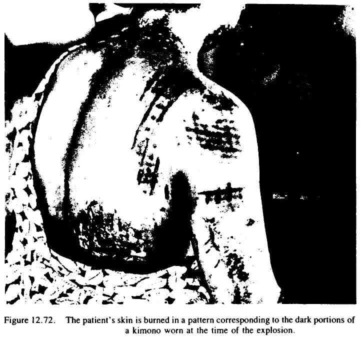 12.02 The frequency of burn injuries due to a nuclear explosion is exceptionally high. Most of these are flash burns caused by direct exposure to the pulse of thermal radiation, although individuals trapped by spreading fires may be subjected to flame burns. In addition, persons in buildings or tunnels close to ground zero may be burned by hot gases and dust entering the structure even though they are shielded adequately from direct or scattered thermal radiation. Finally, there are potential harmful effects of the nuclear radiations on the body. These represent a source of casualties entirely new to warfare.
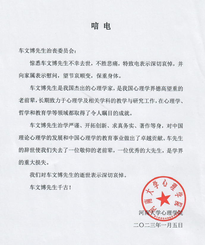 河南大学心理学院唁电
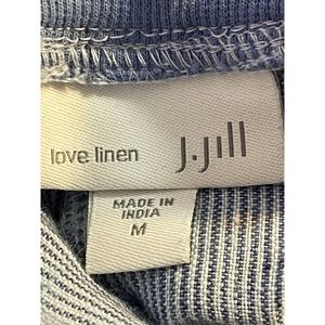 J Jill Love Linen Womens Cropped Wide Leg Pants Sz Medium Striped Pockets Blue
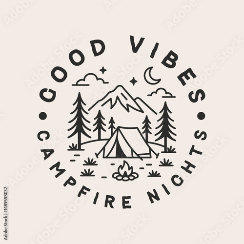 Good vibes, campfire nights. Forest nature camping t shirt design
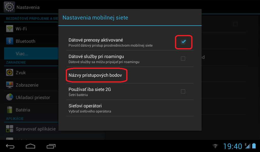 Už štandardne si ako prvé nájdeme Nastavenia. V hornej časti zobrazenej ľavej lišty vidíte nastavenie bezdrôtovej komunikácie. Aby ste si odkryli ďalšie položky, kliknite na Viac. Nezabudnite, že pre fungovanie dát musíte mať zaškrtnutú položku Dátové prenosy aktivované. Pre samotné nastavenie kliknite na Názvy prístupových bodov.
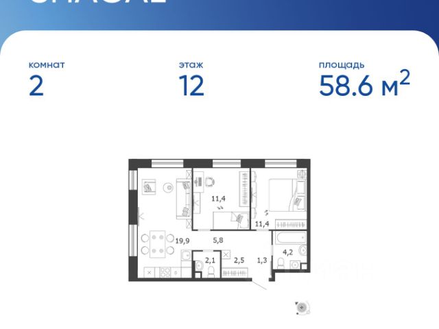 Продается квартира 266, по адресу г. Москва, ЮАО, Даниловский, ул. Автозаводская, вл. 23/75, корпус Жилой квартал Shagal, 3 очередь, 5 этап, корпус 5 в Shagal на 12 этаже, с площадью 58.6 м2.
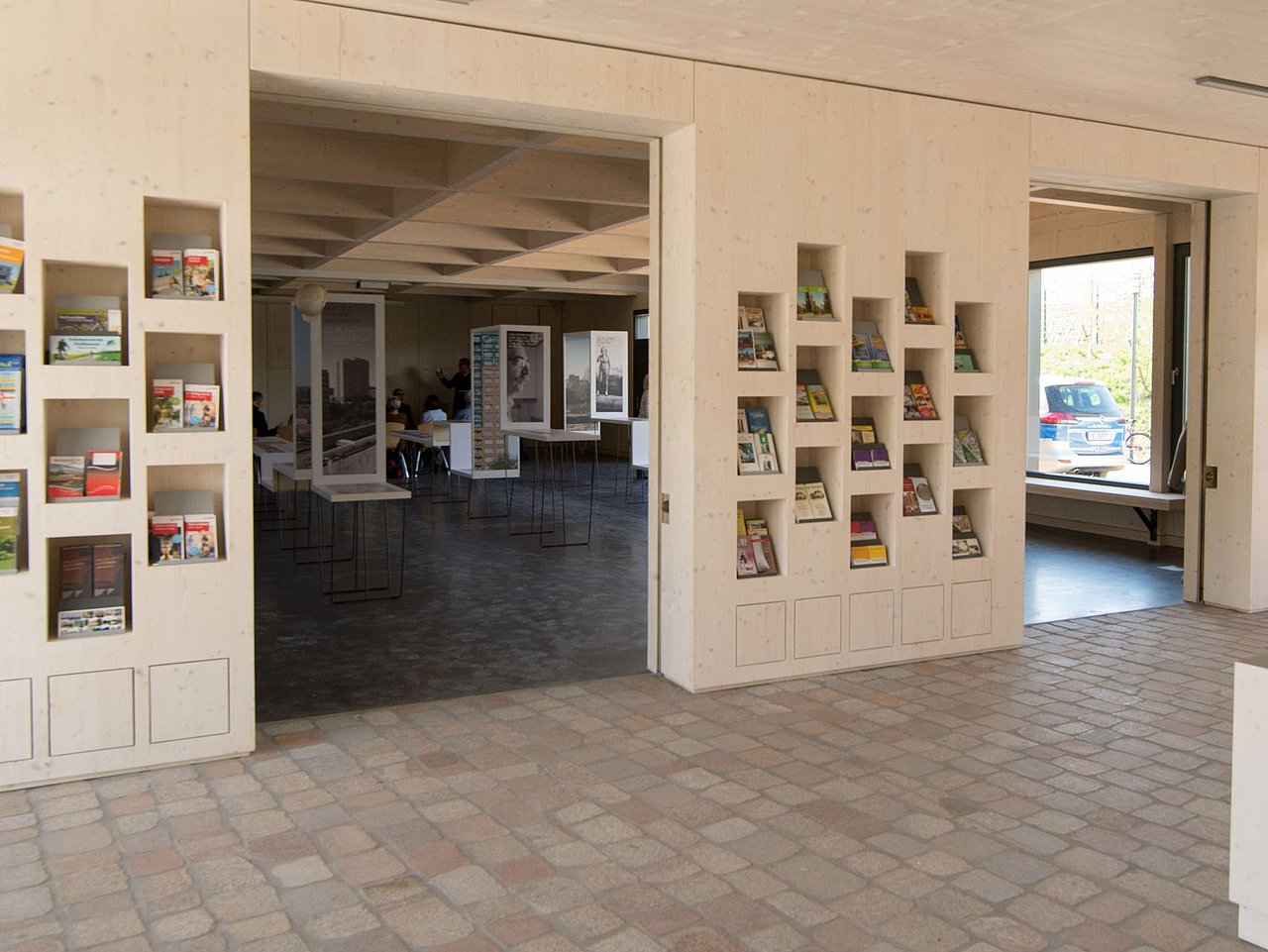 Die Touristeninformation bildet das Zentrum, fungiert als Eingang, Foyer und bildet eine Achse zwischen Straße und Park.

----

→ Problem statement
Leaving the images out, return every record exactly.

→ Answer to the problem
 12.02 The frequency of burn injuries due to a nuclear explosion is exceptionally high. Most of these are flash burns caused by direct exposure to the pulse of thermal radiation, although individuals trapped by spreading fires may be subjected to flame burns. In addition, persons in buildings or tunnels close to ground zero may be burned by hot gases and dust entering the structure even though they are shielded adequately from direct or scattered thermal radiation. Finally, there are potential harmful effects of the nuclear radiations on the body. These represent a source of casualties entirely new to warfare.
 河南大学心理学院唁电
 J Jill Love Linen Womens Cropped Wide Leg Pants Sz Medium Striped Pockets Blue
 Good vibes, campfire nights. Forest nature camping t shirt design
 Už štandardne si ako prvé nájdeme Nastavenia. V hornej časti zobrazenej ľavej lišty vidíte nastavenie bezdrôtovej komunikácie. Aby ste si odkryli ďalšie položky, kliknite na Viac. Nezabudnite, že pre fungovanie dát musíte mať zaškrtnutú položku Dátové prenosy aktivované. Pre samotné nastavenie kliknite na Názvy prístupových bodov.
 Продается квартира 266, по адресу г. Москва, ЮАО, Даниловский, ул. Автозаводская, вл. 23/75, корпус Жилой квартал Shagal, 3 очередь, 5 этап, корпус 5 в Shagal на 12 этаже, с площадью 58.6 м2.
 Die Touristeninformation bildet das Zentrum, fungiert als Eingang, Foyer und bildet eine Achse zwischen Straße und Park.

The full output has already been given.